The benchmark revealed that CupidDB outperformed Redis and Memcached in all four scenarios. Here’s a summary of the findings:

1. 1 Client Retrieving Dataframes: CupidDB was the fastest, although the reason is not entirely clear since no concurrency was involved. This scenario purely tested data retrieval speed.
2. 8 Clients Retrieving Dataframes Concurrently: CupidDB maintained its performance lead even with multiple clients, showing robust scaling capabilities.
3. 1 Client Filtering Dataframes: While Redis and Memcached performed similarly here, CupidDB outpaced both. Despite performing server-side filtering computations, CupidDB benefited from reducing the amount of data transferred.
4. 8 Clients Filtering Dataframes Concurrently: CupidDB continued to excel, even with multiple clients and filtering involved. Redis and Memcached showed no performance gain or reduction here, but CupidDB was markedly faster.

Why CupidDB is Faster in Retrieving Dataframes

The superior performance of CupidDB in single-client data retrieval is an intriguing result. Since there’s no concurrency to account for, the speed difference likely stems from CupidDB's optimized data handling. CupidDB stores and transfers data in the native Apache Arrow format, while Redis and Memcached need to pickle and unpickle dataframes during storage and retrieval. This native handling reduces processing overhead for CupidDB and could be one of the primary reasons for its lead.

Additionally, CupidDB’s implementation in Rust, a language known for its low-level speed and efficiency, may further contribute to its fast retrieval times. As a specialized caching solution with fewer features, CupidDB is highly optimized for this specific purpose, unlike Redis and Memcached, which are more generalized caching systems.

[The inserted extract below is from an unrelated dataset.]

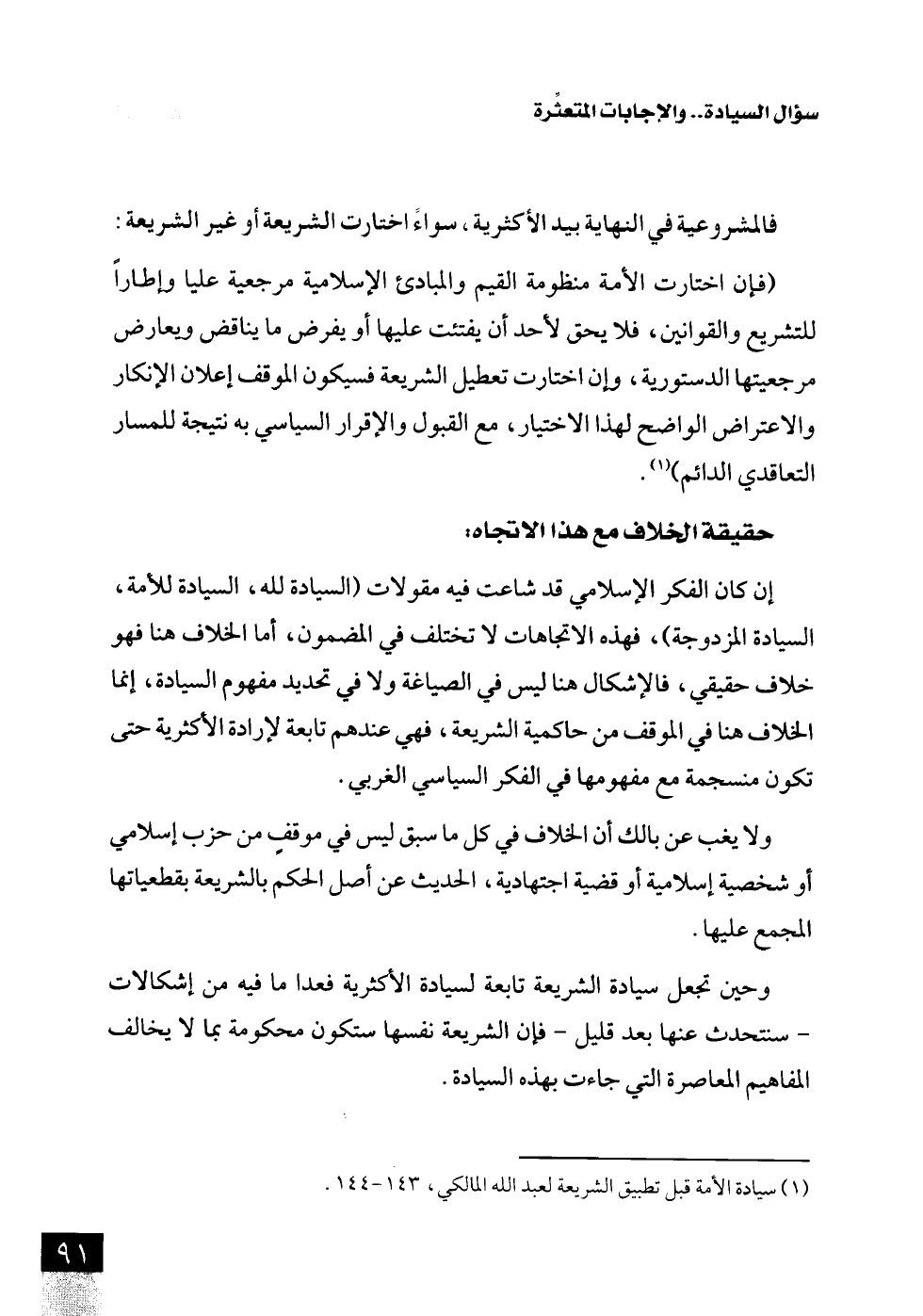 (¬1) سيادة الأمة قبل تطبيق الشريعة لعبد اللَّه المالكي، 143 - 144.
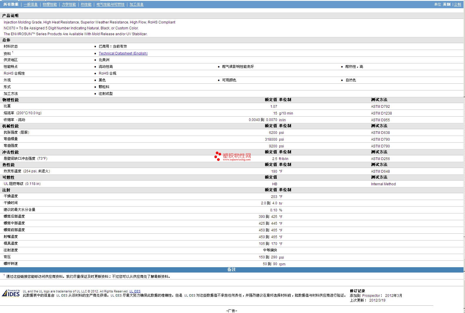 更多 ENVIROSUN ASA ENV31-NC070 物性表报价,图片、材质证明、UL黄卡、物质安全资料表(MSDS)等可来电咨询赵先生:13424755533或QQ: 27660005

Concurrency and Multi-Client Performance

In the concurrent access scenarios (eight clients), CupidDB’s lead over Redis and Memcached remained strong, showing that it scales well with additional client load. The efficient memory handling and concurrency models in Rust likely play a significant role here, allowing CupidDB to maintain high throughput even with multiple requests.

Filtering Dataframes: CupidDB’s Standout Feature

Filtering dataframes was the highlight of the benchmark, where CupidDB truly showcased its unique capability. CupidDB allows server-side filtering, meaning it processes filter conditions directly on the server before sending the filtered data back to the client. In contrast, Redis and Memcached can only return the full dataframe, requiring the client to handle any filtering.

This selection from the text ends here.